Dust grains significantly influence shock structure at high densities.

Magnetic field rotation occurs in the shock front, especially with small shock angles.

The method is robust and adaptable to non-equilibrium conditions.

Abstract

Using a time-dependent multifluid, magnetohydrodynamic code, we calculated the structure of steady perpendicular and oblique C-type shocks in dusty plasmas. We included relevant processes to describe mass transfer between the different fluids, radiative cooling by emission lines and grain charging and studied the effect of single-sized and multiple sized grains on the shock structure. Our models are the first of oblique fast-mode molecular shocks in which such a rigorous treatment of the dust grain dynamics has been combined with a self-consistent calculation of the thermal and ionisation structures including appropriate microphysics. At low densities the grains do not play any significant role in the shock dynamics. At high densities, the ionisation fraction is sufficiently low that dust grains are important charge and current carriers and, thus, determine the shock structure.
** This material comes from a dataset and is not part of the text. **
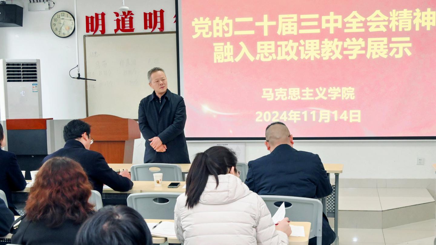为深入贯彻落实党的二十届三中全会精神,持续推进全会精神进课堂、进教材、进师生头脑,不断提升思政课教学水平,11月14日上午,365公司党委书记张志昌到马克思主义学院调研思政课建设,现场观摩指导“党的二十届三中全会精神融入思政课”教学展示活动。教学展示中,马克思主义学院杨增强教授围绕全会精神的理解、融入思政课的对接点和方式方法作了辅导报告。青年教师刘健、王晓霞、朱琳分别以《为什么全过程人民民主超越了...

We find that the magnetic field in the shock front has a significant rotation out of the initial upstream plane. This is most pronounced for single-sized grains and small angles of the shock normal with the magnetic field. Our results are similar to previous studies of steady C-type shocks showing that our method is efficient, rigorous and robust. Unlike the method employed in the previous most detailed treatment of dust in steady oblique fast-mode shocks, ours allows a reliable calculation even when chemical or other conditions deviate from local statistical equilibrium. We are also able to model transient phenomena.